View the data in the Eventhouse

At this point, you can verify the data was written to the eventhouse by browsing to the database details page.

  1. Browse to your workspace homepage in Real-Time Intelligence.
  2. Select the database item that was provided in the previous section. You should see a summary of the data that was written to the "Wiki" table.

Generate embedding for the search term

Now that you stored the embedded wiki data in your eventhouse, you can use this data as a reference to find pages on a particular article. In order to make the comparison, you embed the search term, and then do a comparison between the search term and the Wikipedia pages.

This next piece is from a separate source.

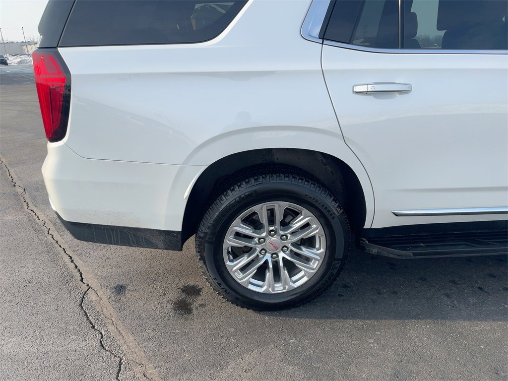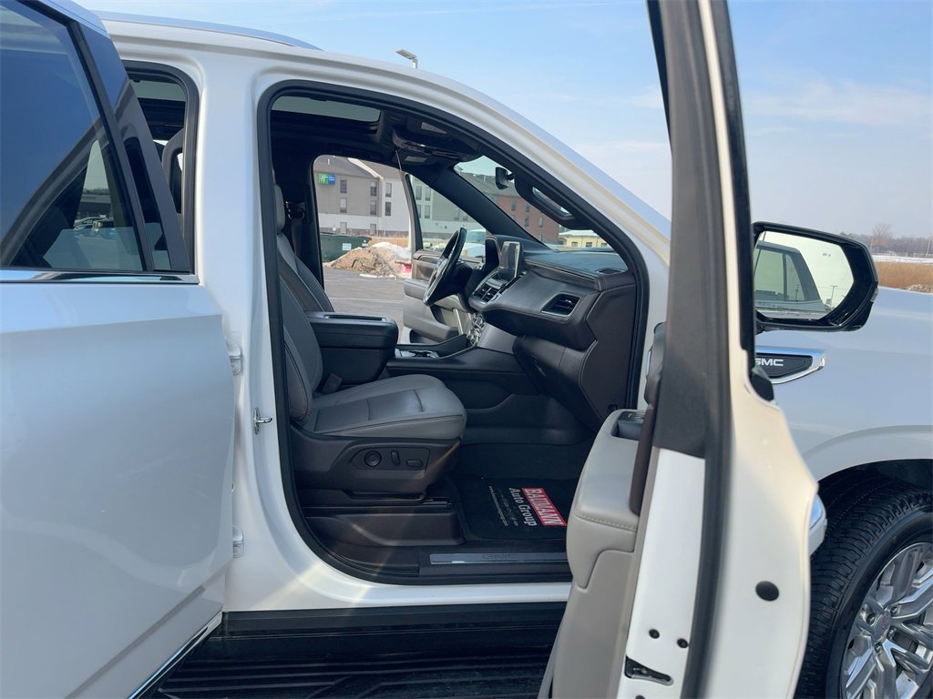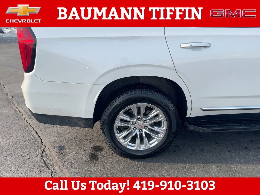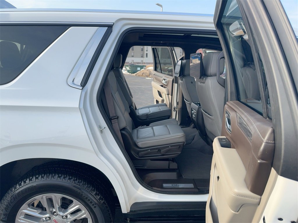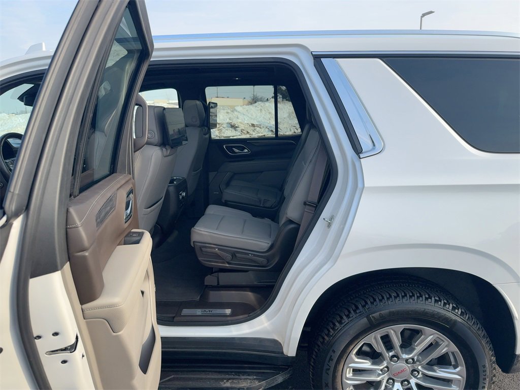 4WD, 12-Way Power Seat Adjusters, 2 Presets For Outside Rearview Mirrors, 2 Presets For Power Driver Seat, 3.23 Rear Axle Ratio, 3rd Row 60/40 Power-Folding Split-Bench Seat, 3rd row seats: split-bench, 4-Wheel Disc Brakes, 9 Speakers, ABS brakes, Air Conditioning, Alloy wheels, AM/FM radio: SiriusXM with 360L, Apple CarPlay/Android Auto, Auto High-beam Headlights, Auto-dimming Rear-View mirror, Automatic Emergency Braking, Automatic temperature control, Bodyside moldings, Bose 9-Speaker Stereo Audio System Feature, Brake assist, Bright Chrome Bodyside Moldings, Bright Front & Rear Door Sill Plates, Bumpers: body-color, Chrome Door Handles w/Body-Color Strip, Compass, Delay-off headlights, Driver door bin, Driver vanity mirror, Dual front impact airbags, Dual front side impact airbags, Dual-Pane Panoramic Power Sunroof, Electronic Stability Control, Emergency communication system: OnStar and GMC connected services capable, Floor Console, Following Distance Indicator, Forward Collision Alert, Four wheel independent suspension, Front & Rear Park Assist, Front anti-roll bar, Front Bucket Seats, Front Center Armrest, Front dual zone A/C, Front fog lights, Front Pedestrian Braking, Front reading lights, Fully automatic headlights, Garage door transmitter, Hands-Free Power Programmable Rear Liftgate, HD Radio, HD Surround Vision, Heated & Ventilated Driver & Front Passenger Seats, Heated 2nd Row Outboard Position Seats, Heated Automatic Steering Wheel, Heated door mirrors, Heated Driver & Front Passenger Seats, Heated front seats, Illuminated entry, Inside Rear-View Auto-Dimming Mirror, IntelliBeam Automatic High Beam On/Off, Lane Change Alert w/Side Blind Zone Alert, Lane Keep Assist w/Lane Departure Warning, Leather steering wheel, Low tire pressure warning, Memory seat, Not Equipped w/Automatic Stop/Start, Not Equipped w/Steering Column Lock, Occupant sensing airbag, Outside Heated Power-Adjustable Mirrors, Outside temperature display, Overhead airbag, Overhead console, Panic alarm, Passenger door bin, Passenger vanity mirror, Perforated Leather Seating Surfaces, Power door mirrors, Power driver seat, Power Liftgate, Power passenger seat, Power Release 2nd Row 60/40 Split-Folding Bench Seat, Power Release 2nd Row Bucket Seats, Power steering, Power Tilt & Telescopic Steering Column, Power windows, Preferred Equipment Group 4SA, Premium Smooth Ride Suspension, Radio: AM/FM/SiriusXM, Radio: AM/FM/SiriusXM w/Navigation, Rain sensing wipers, Rear air conditioning, Rear anti-roll bar, Rear Cross Traffic Alert, Rear Media & Nav Package, Rear Pedestrian Alert, Rear reading lights, Rear seat center armrest, Rear Seat Media System, Rear window defroster, Rear window wiper, Remote keyless entry, Roof rack: rails only, Safety Alert Seat, Security system, SiriusXM w/360L, SLT Luxury Package, SLT Premium Package, Speed control, Speed-sensing steering, Split folding rear seat, Spoiler, Steering wheel mounted audio controls, Tachometer, Telescoping steering wheel, Tilt steering wheel, Traction control, Trip computer, Universal Home Remote, Variably intermittent wipers, Ventilated front seats, Voltmeter, Wheels: 20 x 9 6-Spoke Polished Aluminum, 4WD.

To successfully make a call against Azure OpenAI, you need an endpoint, key, and deployment ID.

Variable name Value
endpoint This value can be found in the Keys & Endpoint section when examining your resource from the Azure portal. Alternatively, you can find the value in the Azure AI Foundry > Playground > Code View. An example endpoint is: https://docs-test-001.openai.azure.com/.
API key This value can be found in the Keys & Endpoint section when examining your resource from the Azure portal. You can use either KEY1 or KEY2.
deployment ID This value can be found under the Deployments section in the Azure AI Foundry.

Use the information in the table when running the Azure OpenAI cells.

Important

Local authentication must be enabled on your Azure Open AI resource in order to use the API key.

import openai
openai.api_version = '2022-12-01'
openai.api_base = 'endpoint' # Add your endpoint here
openai.api_type = 'azure'
openai.api_key = 'api key'  # Add your api key here

def embed(query):
  # Creates embedding vector from user query
  embedded_query = openai.Embedding.create(
          input=query,
          deployment_id="deployment id", # Add your deployment id here
          chunk_size=1
  )["data"][0]["embedding"]
  return embedded_query
searchedEmbedding = embed("most difficult gymnastics moves in the olympics")
#print(searchedEmbedding)

Query the similarity

The query is run directly from the notebook, and uses the returned embedding from the previous step in a comparison against the embedded Wikipedia pages stored in your eventhouse. This query uses the cosine similarity function and returns the top 10 most similar vectors.

Run the cells in the notebook to see the results of the query. You can change the search term and rerun the query to see different results. You could also compare an existing entry in the Wiki database to find similar entries.

kustoQuery = "Wiki | extend similarity = series_cosine_similarity(dynamic("+str(searchedEmbedding)+"), content_vector) | top 10 by similarity desc" 
accessToken = mssparkutils.credentials.getToken(KUSTO_CLUSTER)
kustoDf  = spark.read\
    .format("com.microsoft.kusto.spark.synapse.datasource")\
    .option("accessToken", accessToken)\
    .option("kustoCluster", KUSTO_CLUSTER)\
    .option("kustoDatabase", KUSTO_DATABASE)\
    .option("kustoQuery", kustoQuery).load()

# Example that uses the result data frame.
kustoDf.show()

Screenshot of running cell of similarity results.

Clean up resources

When you finish the tutorial, you can delete the resources, you created to avoid incurring other costs. To delete the resources, follow these steps:

  1. Browse to your workspace homepage.
  2. Delete the notebook created in this tutorial.
  3. Delete the Eventhouse or database used in this tutorial.